Hi,
Well in our case i think we are looking for the frequency domain solution, which would be like:
H(jw)=1/(j*w*R*C)
or without considering phase:
H(w)=1/(w*R*C)
and in alternate form:
H(w)=w0/w
and what i had found with the simulations i did was that the switched capacitor integrator had a function:
H(w)=K*(C1/C2)*w0/w, {with K a fixed gain}
and that tells me that the 'new' formula is either wrong or involves some other assumptions or something else we dont know about yet.

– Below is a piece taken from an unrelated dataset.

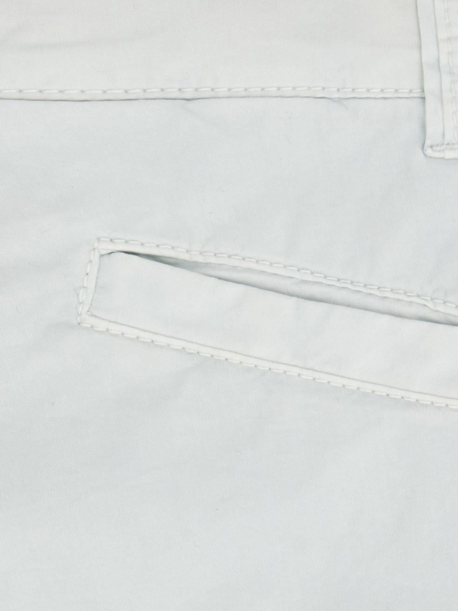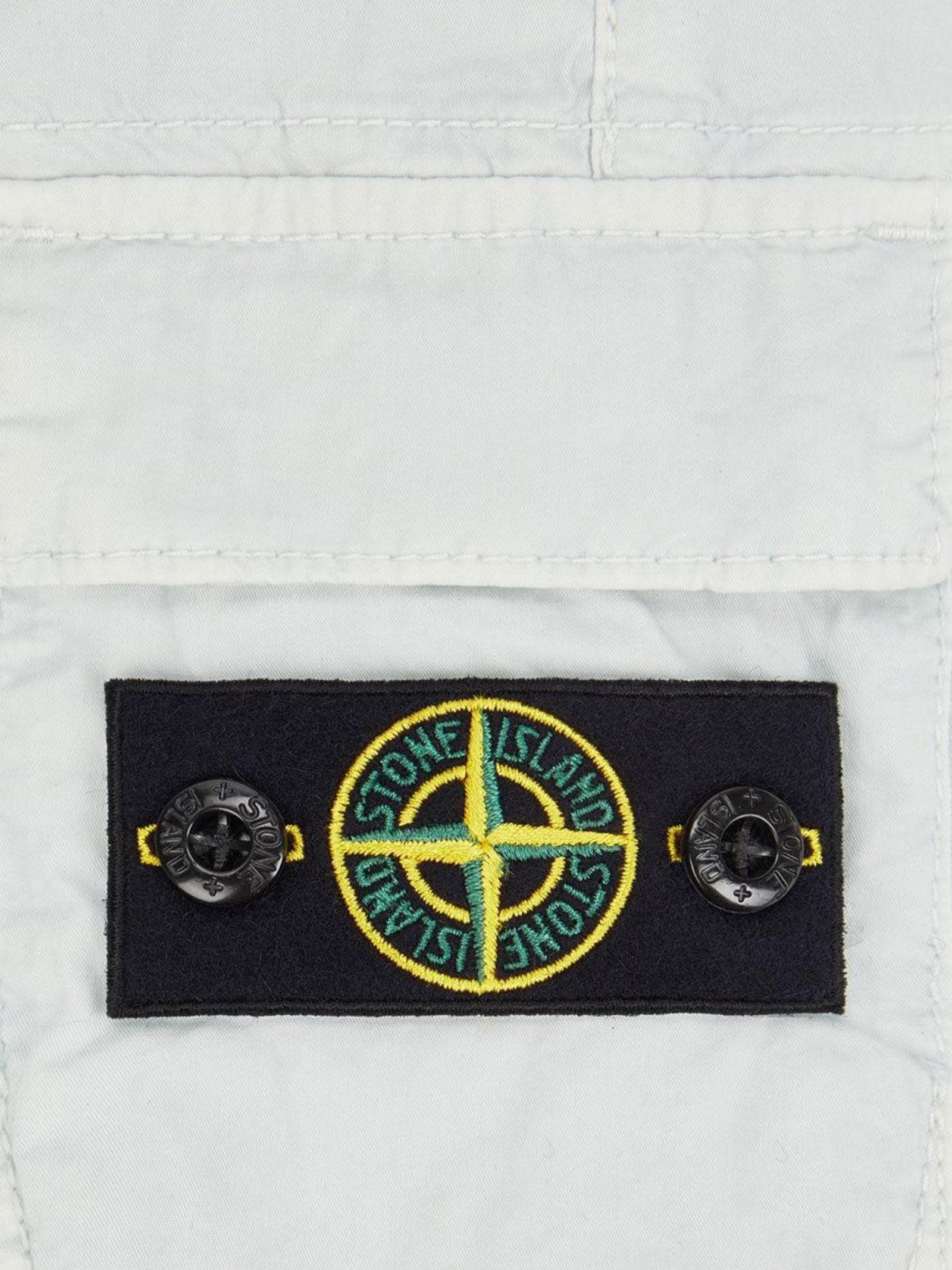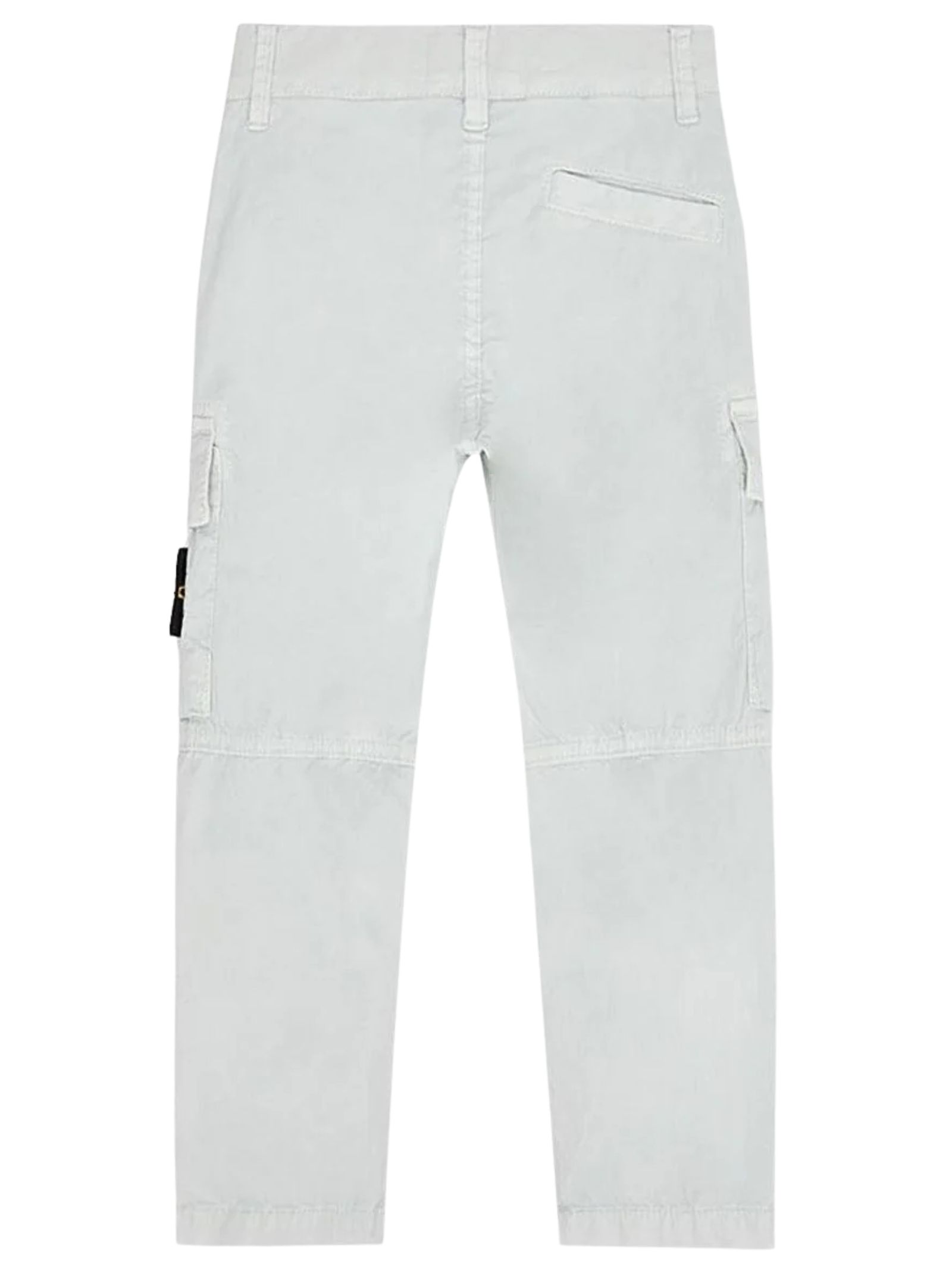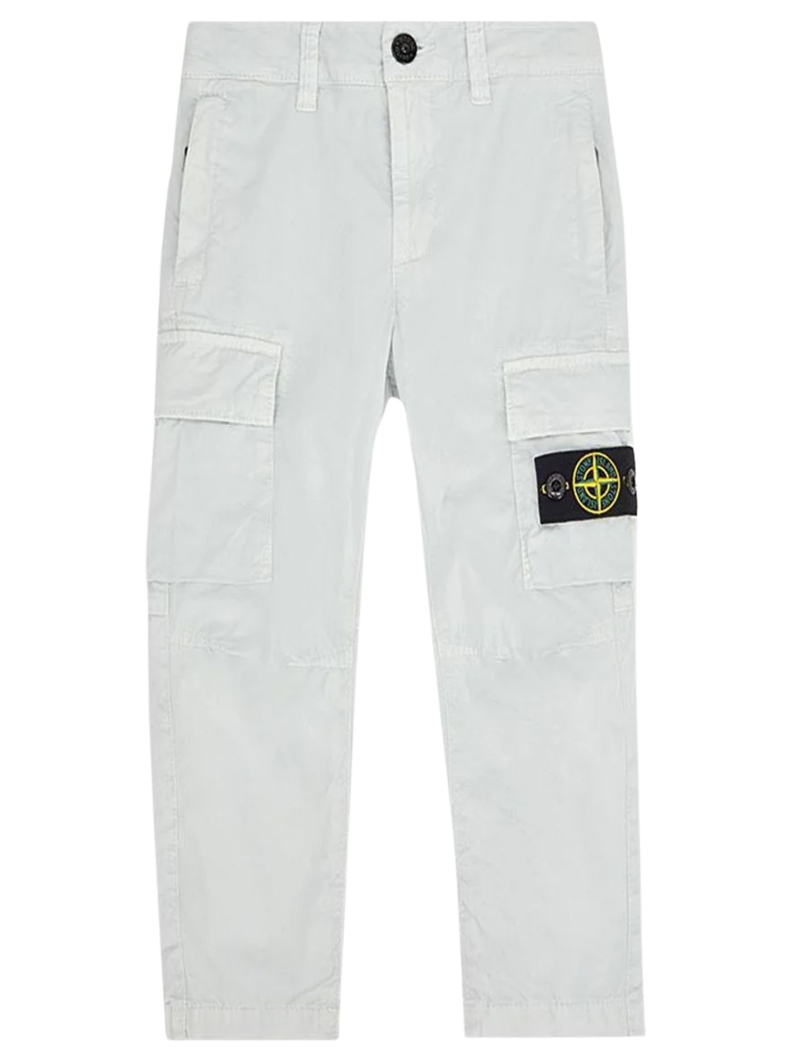 Stone Island Kids pearl grey trousers with two side zip pockets, a back slit pocket, two side cargo pockets, a logo patch, and belt loops. Composition: 97% cotton, 3% elastane.

My suspicion was that the 'new' formula might be due to using an op amp with finite gain and bandwidth, so i proceeded to come up with a formula for a continuous integrator with that kind of op amp and this is what i found:
Vout=-(Aol*Vin*GBW)/(2*pi*Aol*f*j*C2*GBW*R1+2*
pi*f*j*C2*GBW*R1-2*pi*Aol*f^2*C2*R1+GBW+Aol*f*j)
where
Aol is the finite open loop gain of the op amp,
GBW is the finite gain bandwidth of the op amp,
f is frequency,
j is the imaginary operator,
C2 is the feedback capacitor found in integrators,
R1 is the input resistor of the integrator,
pi=3.14159...
Note that i did not verify this formula yet, but one thing that stands out already and seems intuitive is that any formula that contains a non ideal op amp would have to contain information about those non ideals. This one, as expected, contains the finite open loop gain Aol as well as the finite gain-bandwidth GBW. As far as i know, we cant have a formula without something like these because we would never be able to get the right result without knowing what the non ideals are. This is especially true if we allow the non ideals to change drastically, like 1 to 100000 for example. In this case we'd get different outputs just because that alone, so we'd have to include those i believe.
Now if the good professor is imposing some assumptions that we dont know about, then we'll never be able to figure that out. The only way then is to query the professor for more information. So Wizard, since you got this from the professor you'll have to query him to find out more about this. Perhaps the professor talked about things like this in the past and you forgot.
I had not gone thought the z transform solutions yet mostly because the simulations already had shown the gain is what it is, but we can do that if necessary.
For example, the function then is something like:
(C1/C2)*1/(z-1)